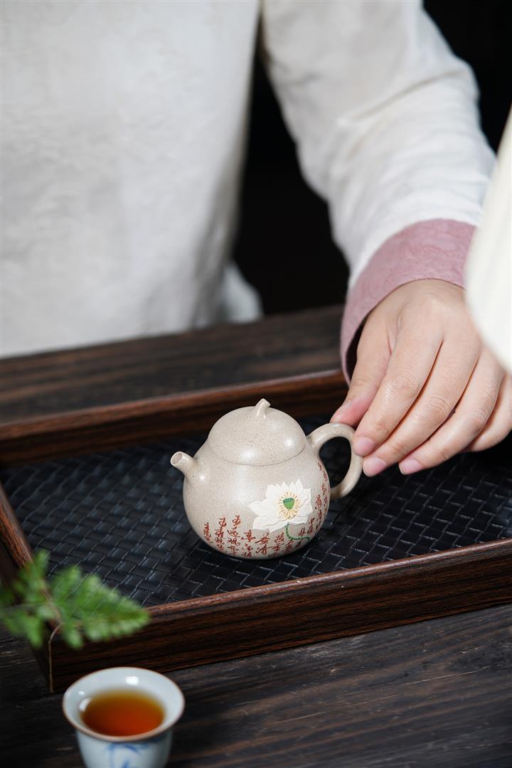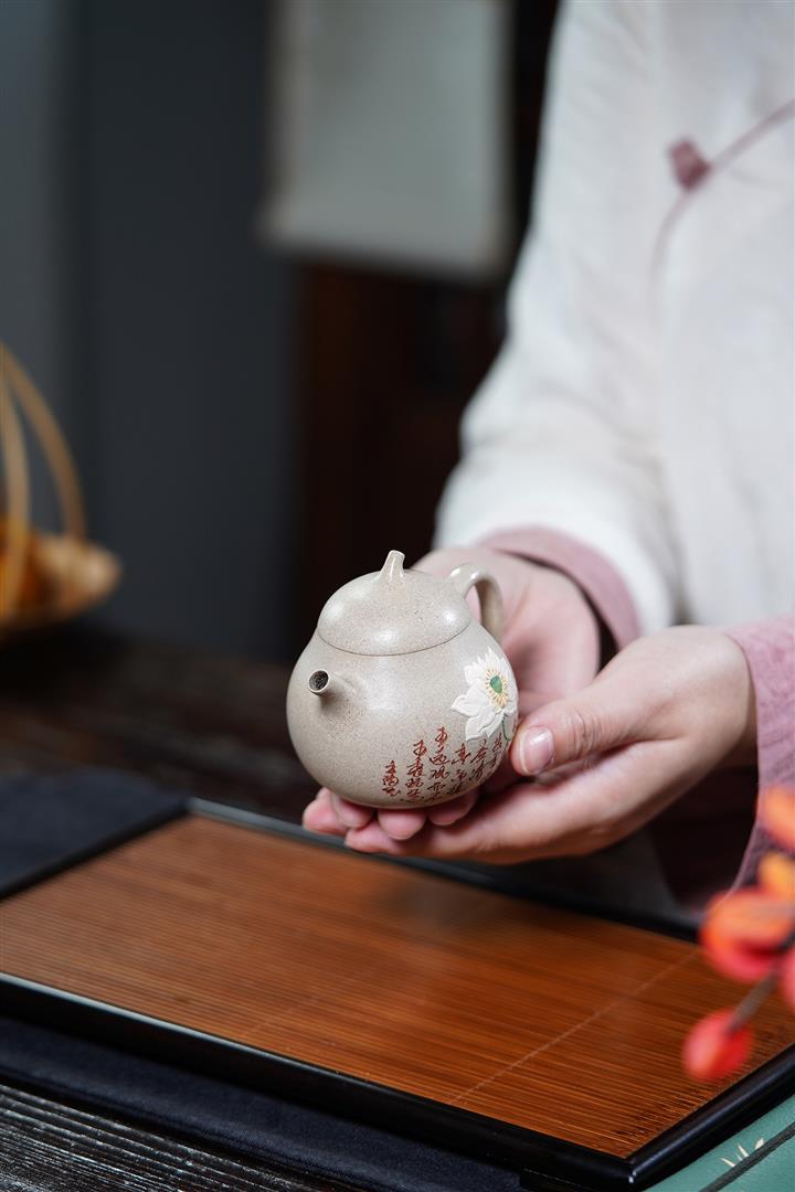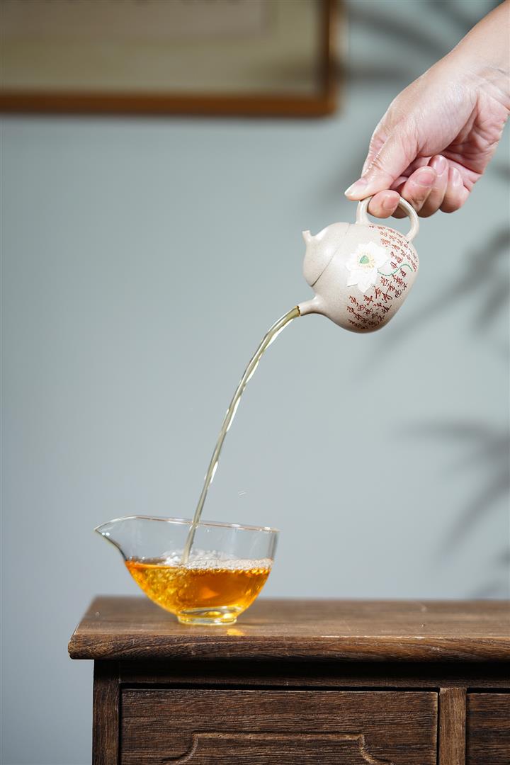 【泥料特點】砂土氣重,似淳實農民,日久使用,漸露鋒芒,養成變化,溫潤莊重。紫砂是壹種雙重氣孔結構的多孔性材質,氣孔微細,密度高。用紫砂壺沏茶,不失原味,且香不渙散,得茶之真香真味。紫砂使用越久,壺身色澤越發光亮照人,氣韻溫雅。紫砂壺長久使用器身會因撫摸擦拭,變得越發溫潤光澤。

- - - -

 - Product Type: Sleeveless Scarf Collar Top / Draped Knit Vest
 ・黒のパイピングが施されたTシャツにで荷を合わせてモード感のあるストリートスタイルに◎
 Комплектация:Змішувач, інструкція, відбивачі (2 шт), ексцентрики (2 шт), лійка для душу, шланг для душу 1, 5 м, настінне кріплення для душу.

- - - -

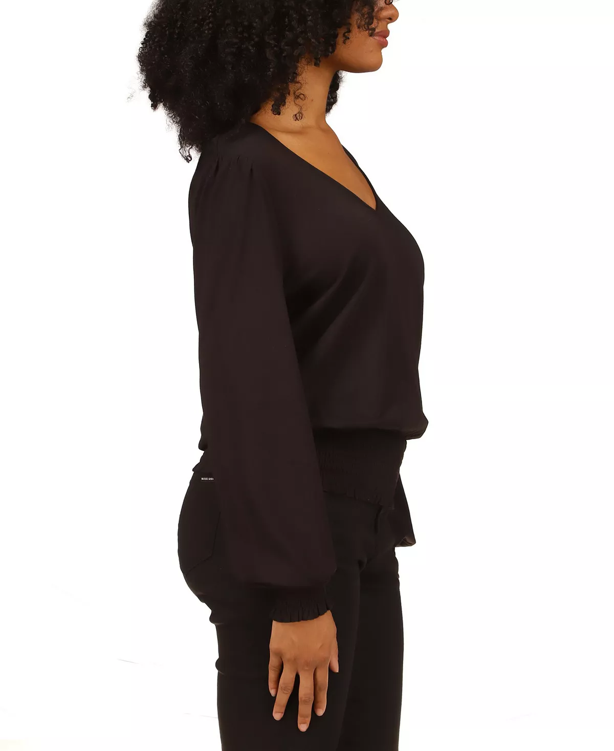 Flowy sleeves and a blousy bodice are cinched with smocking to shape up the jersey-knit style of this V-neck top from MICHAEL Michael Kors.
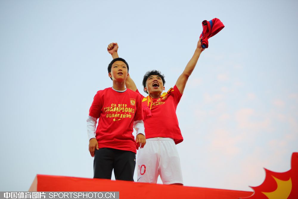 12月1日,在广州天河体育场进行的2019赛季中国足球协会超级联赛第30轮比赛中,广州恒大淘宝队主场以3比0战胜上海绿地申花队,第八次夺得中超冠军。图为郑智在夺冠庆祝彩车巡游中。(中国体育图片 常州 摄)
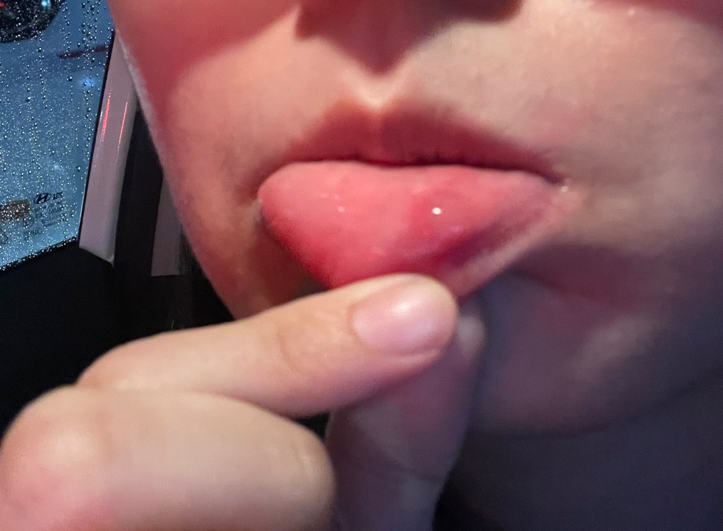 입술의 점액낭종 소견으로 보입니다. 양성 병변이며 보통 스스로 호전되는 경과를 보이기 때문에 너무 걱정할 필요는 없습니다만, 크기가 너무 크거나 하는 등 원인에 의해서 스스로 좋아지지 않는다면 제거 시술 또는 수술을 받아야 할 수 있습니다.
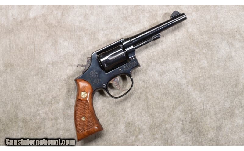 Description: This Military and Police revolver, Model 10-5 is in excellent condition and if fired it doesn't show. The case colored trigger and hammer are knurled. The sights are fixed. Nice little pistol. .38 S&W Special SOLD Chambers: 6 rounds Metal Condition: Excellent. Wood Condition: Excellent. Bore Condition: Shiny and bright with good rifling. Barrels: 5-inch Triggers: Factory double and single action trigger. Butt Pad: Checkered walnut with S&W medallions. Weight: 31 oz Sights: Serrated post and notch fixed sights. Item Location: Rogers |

- - - -

• [DIRECTIONS] Word for word, write out the lines above running from the one with "입술의 점액낭종 소견으로" up to and including the one with "Description: This Military". Drop any picture.

• [RESPONSE]
 입술의 점액낭종 소견으로 보입니다. 양성 병변이며 보통 스스로 호전되는 경과를 보이기 때문에 너무 걱정할 필요는 없습니다만, 크기가 너무 크거나 하는 등 원인에 의해서 스스로 좋아지지 않는다면 제거 시술 또는 수술을 받아야 할 수 있습니다.
 Description: This Military and Police revolver, Model 10-5 is in excellent condition and if fired it doesn't show. The case colored trigger and hammer are knurled. The sights are fixed. Nice little pistol. .38 S&W Special SOLD Chambers: 6 rounds Metal Condition: Excellent. Wood Condition: Excellent. Bore Condition: Shiny and bright with good rifling. Barrels: 5-inch Triggers: Factory double and single action trigger. Butt Pad: Checkered walnut with S&W medallions. Weight: 31 oz Sights: Serrated post and notch fixed sights. Item Location: Rogers |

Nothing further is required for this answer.